# Lost of Interest



## Cynical (Aug 23, 2011)

I've notice this for a while now it seems I have lost most of my interest in playing video games. I don't know why I just don't like to play anymore... I used to be a pretty avid gamer I used to jump on the best games but now I don't seem to care anymore.

I'm not the outdoorsy type who likes being out of the house in fact, I can pretty much say that I have spent a good portion of my young life glued in front of the tv and monitor but now I just don't seem to care about games anymore. My brother actually bought a PS3 a few months ago he was absolutely ecstatic about it, as would I have been normally, yet I wasn't, in fact the first thing that came out my mouth when I saw it was "why?". my brother even leaves it in my room and he only comes home like twice in a week leaving me with enough freedom to do anything with it but I don't, I rarely even glance in its direction. It's like I don't even care anymore, if it was me 7 years ago then I would have gone blind playing with it.
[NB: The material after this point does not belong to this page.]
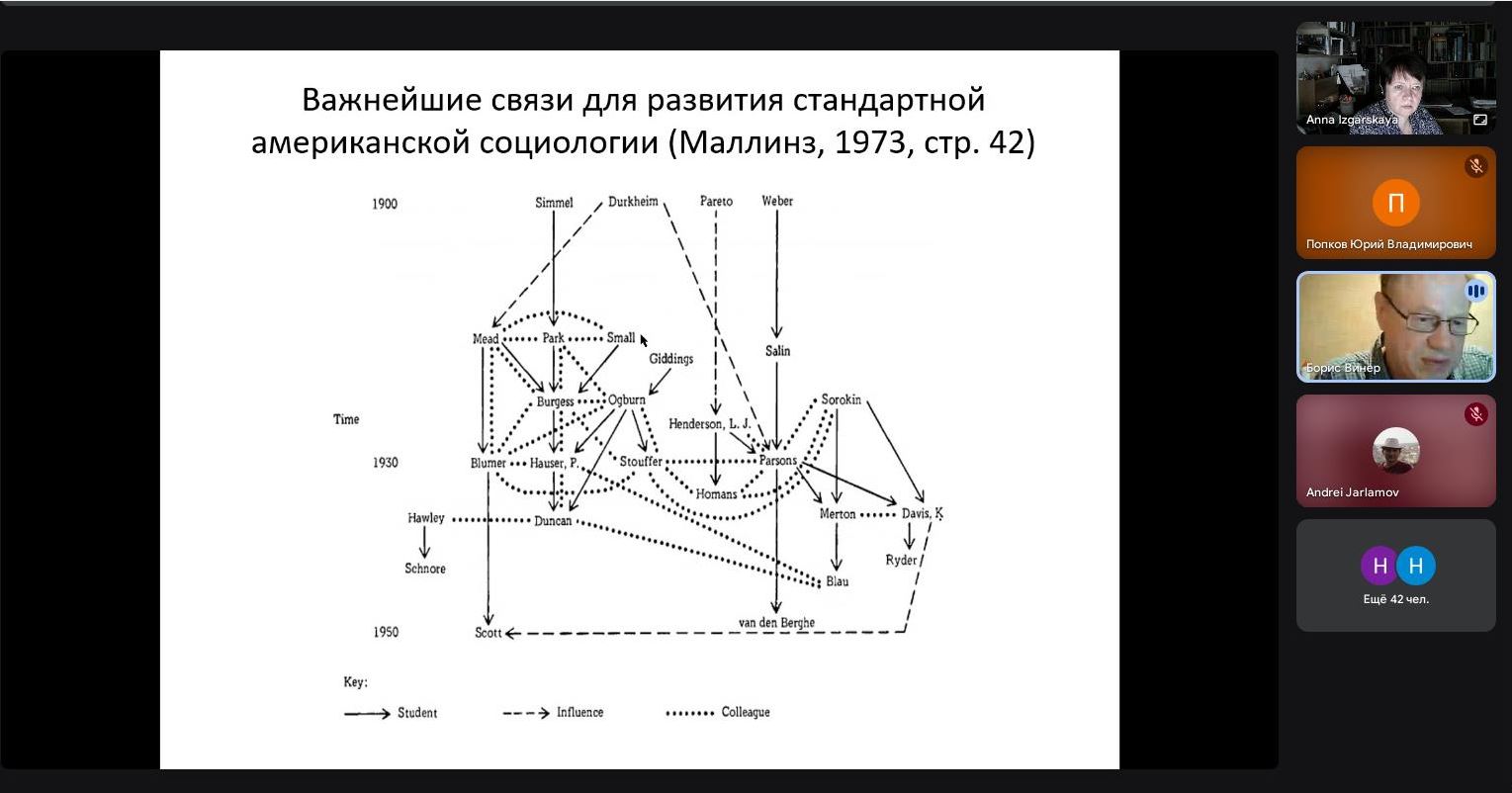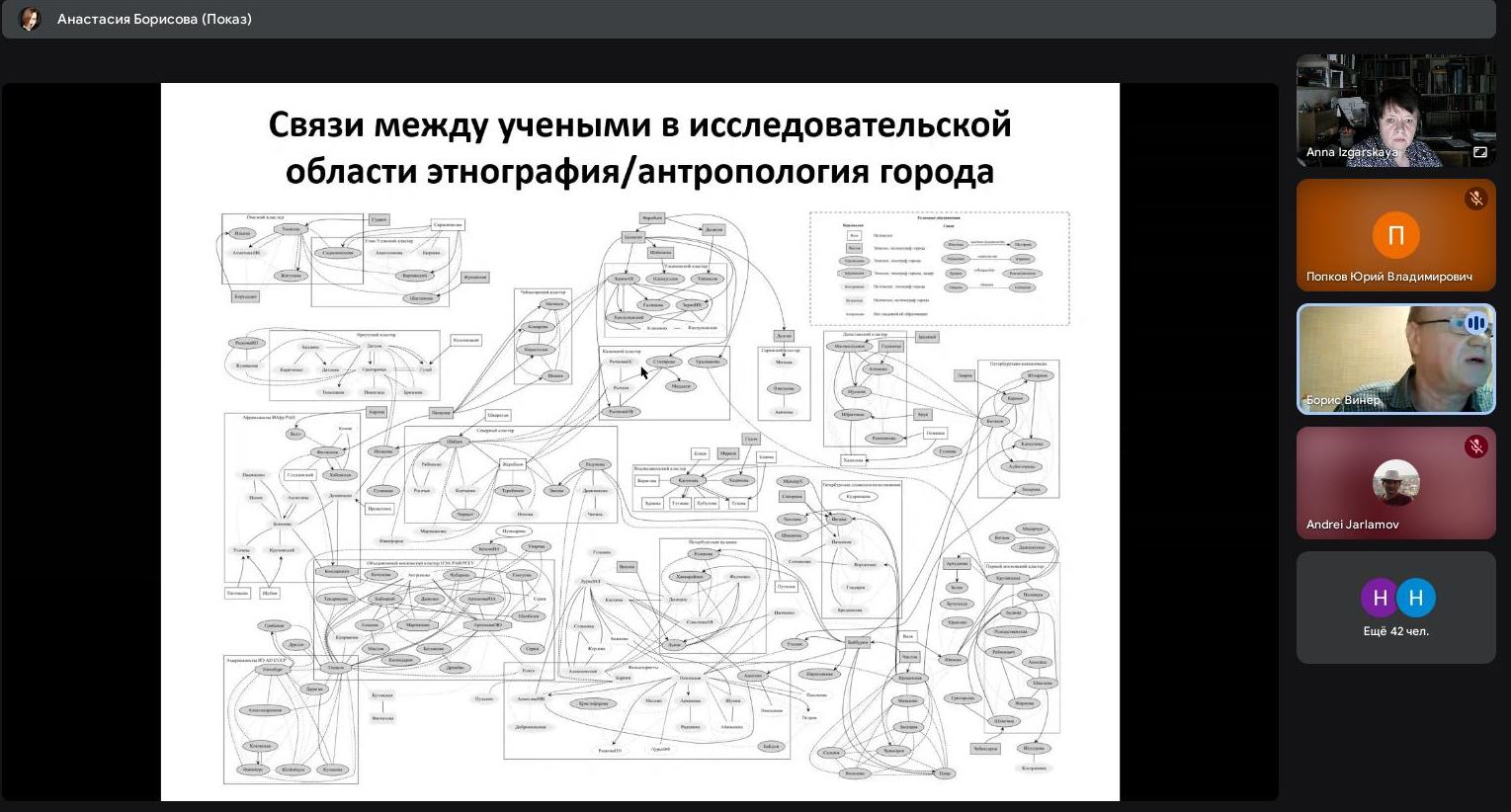 Б.Е. Винер, опираясь на идеи Р. Уитли (R. Whitley) о социальной и когнитивной институционализации научных специальностей и идеально-типическую структуру коммуникации в науке Н. Маллинза (N. Mullins), познакомил участников вебинара с результатами своих исследований связей между отечественными учеными в исследовательской области этнография/антропология города. Более подробно он проиллюстрировал работу метода исследования научных связей на американистах ИЭ АН СССР.

I used to play Starcraft 2 hours on end, I was in the middle of Mass effect 2's story, I was playing through a third of Deadspace, I was very far in Fallout New Vegas and I even got a copy of Deus Ex Human Revolution. I never finished any of those games (Except SC2) or do I care about finishing or playing them again for that matter. I would start a the game but 10 mins in I'm already bored to death, those games are great they're my kind of games but I don't know why I just don't like to play them anymore... Whats wrong with me?


----------



## Misanthropic79 (May 6, 2011)

LOL, I've been there and there's nothing wrong with you. You've listed some good games you've yet to finish there so it's not a lack of good games that's the issue so I'd say you've overloaded yourself on them as it happens with me too every now and then. 
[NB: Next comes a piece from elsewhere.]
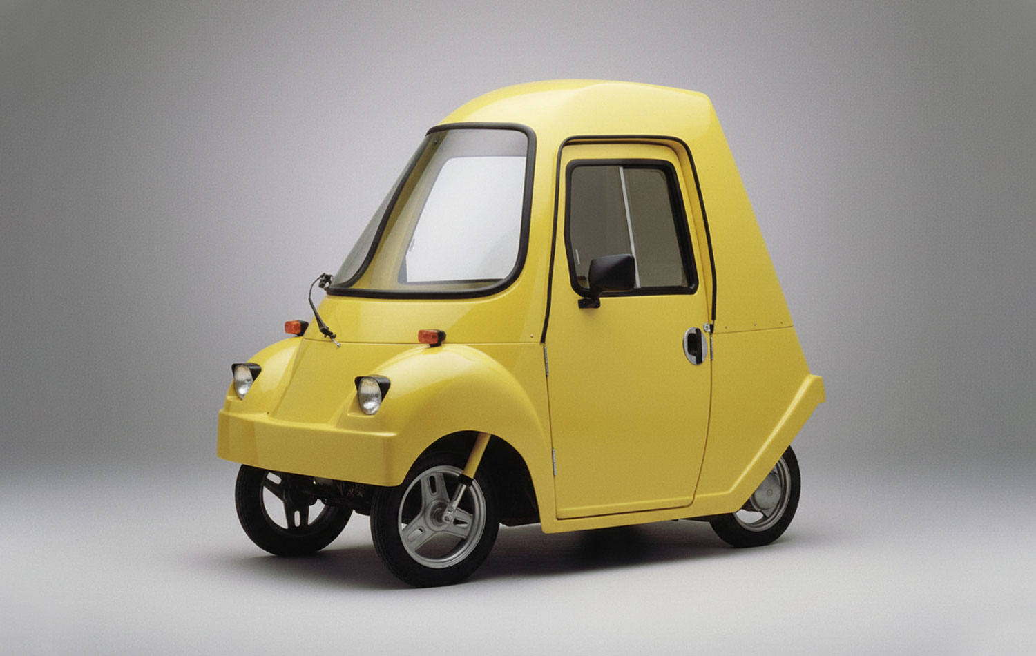 The three-wheeled microcar received a one-volume body that looked like a cute toy. It has one door on the left, a panoramic window in front and one tail light.

I barely played an hour or so every other night a few months ago and I'd start getting bored and drowsy and end up doing something else. That lasted a couple of months before I started playing normally again.

Then again maybe you're losing interest in them altogether, it happens. I've had a few interests that I pursued daily when I was younger that I barely remember why I was into them in the first place now.


----------



## Cynical (Aug 23, 2011)

Misanthropic79 said:


> LOL, I've been there and there's nothing wrong with you. You've listed some good games you've yet to finish there so it's not a lack of good games that's the issue so I'd say you've overloaded yourself on them as it happens with me too every now and then.
> 
> I barely played an hour or so every other night a few months ago and I'd start getting bored and drowsy and end up doing something else. That lasted a couple of months before I started playing normally again.
> 
> Then again maybe you're losing interest in them altogether, it happens. I've had a few interests that I pursued daily when I was younger that now I barely remember why I was into them in the first place now.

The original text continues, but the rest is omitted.